The Food and Drug Administration recently approved a new device on a compassion basis that doctors say will help keep children with scoliosis out of the operating room.
Beckem Nimmo, 5, is the first person in North America to have the Phenix Rod installed on his spine.
The device was formed by French engineer Arnaud Soubeiran and attaches to the spine. The rod is controlled by magnets and will allow parents to extend it. Doctors call it is a remarkable piece of technology.
To extend the rod, parents will hold the device over the child's back. Hayley Nimmo, Beckem's mother, says the device is very easy to use. She says doctors at Shriners Hospitals for Children taught the family how to work the rod and magnet.
Dr. J Ivan Krajich says without the device, Beckem would be required to undergo at least two surgeries a year to help keep his spine straight.

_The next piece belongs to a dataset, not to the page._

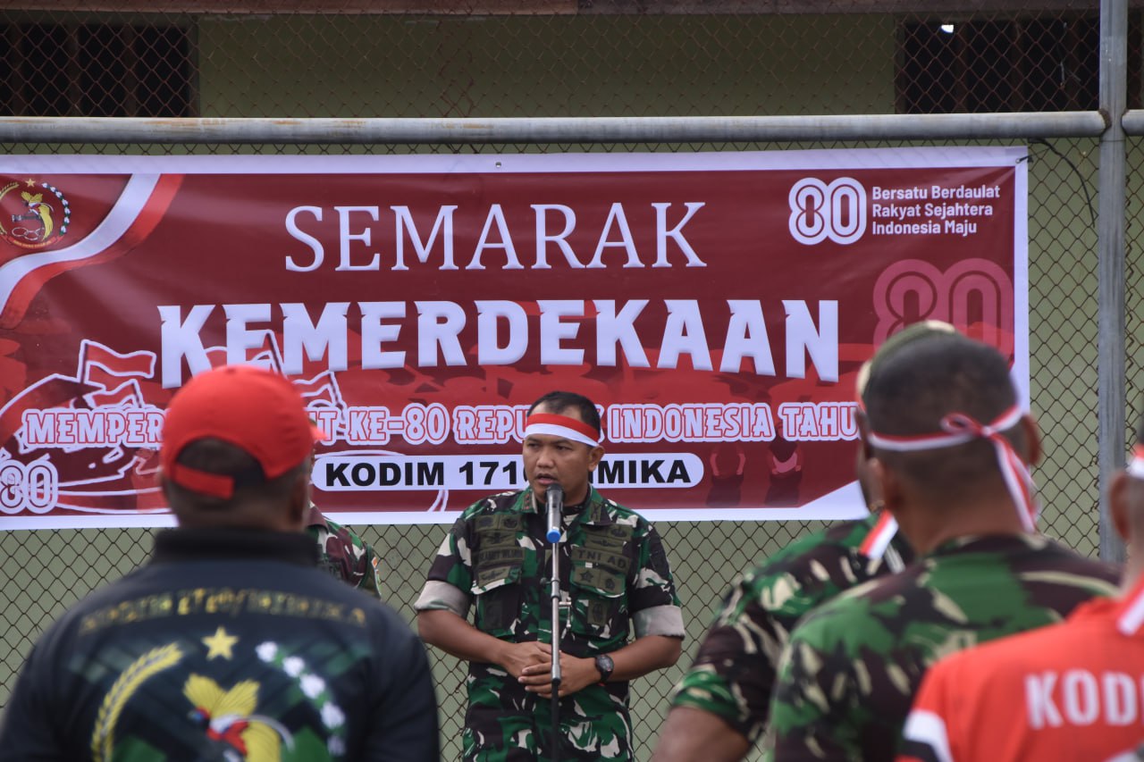 Dandim 1710/Mimika Letkol Inf M. Slamet Wijaya, S.Sos,.M.Han,.M.A dalam sambutan pembukaannya menyampaikan bahwa dalam rangka memperingati dan memeriahkan HUT RI ke-80 Tahun 2025, Kodim 1710/Mimika akan menggelar beberapa perlombaan baik untuk Prajurit, Persit maupun anak-anak serta kegiatan bakti sosial.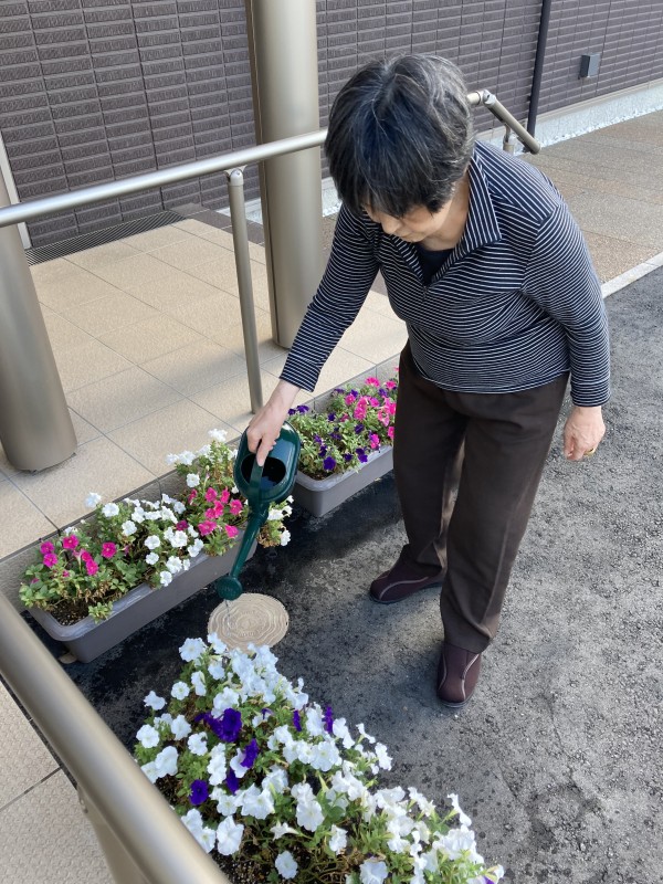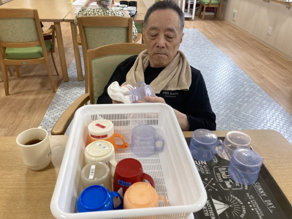職員と一緒に朝のゴミ出し、お花の水やり、食器拭き等『手伝うよ』と言って下さり、いつも、ありがとうございます♪

Doctors say Beckem was a fitting candidate for the special rod because of his age, size and the severity of his spinal curve.
Unlike other growing rod systems that required surgery to physically extend the rod, this new system does not.
Parents turn the magnet once a day to lengthen the rod by 0.2mm. Over time, the rod grows with the child.
Beckem's family chose to come to Shriners Hospitals for Children in Portland because of the specialty device. The family is from Canada, where Haley Nimmo says the wait for this type of surgery is backed up for four years.
Krajich says Beckem will be able to go home to Canada within the next few days.
His mom says Thursday is Beckem's sixth birthday. Before the surgery on Tuesday, the hospital staff held a birthday party for Beckem.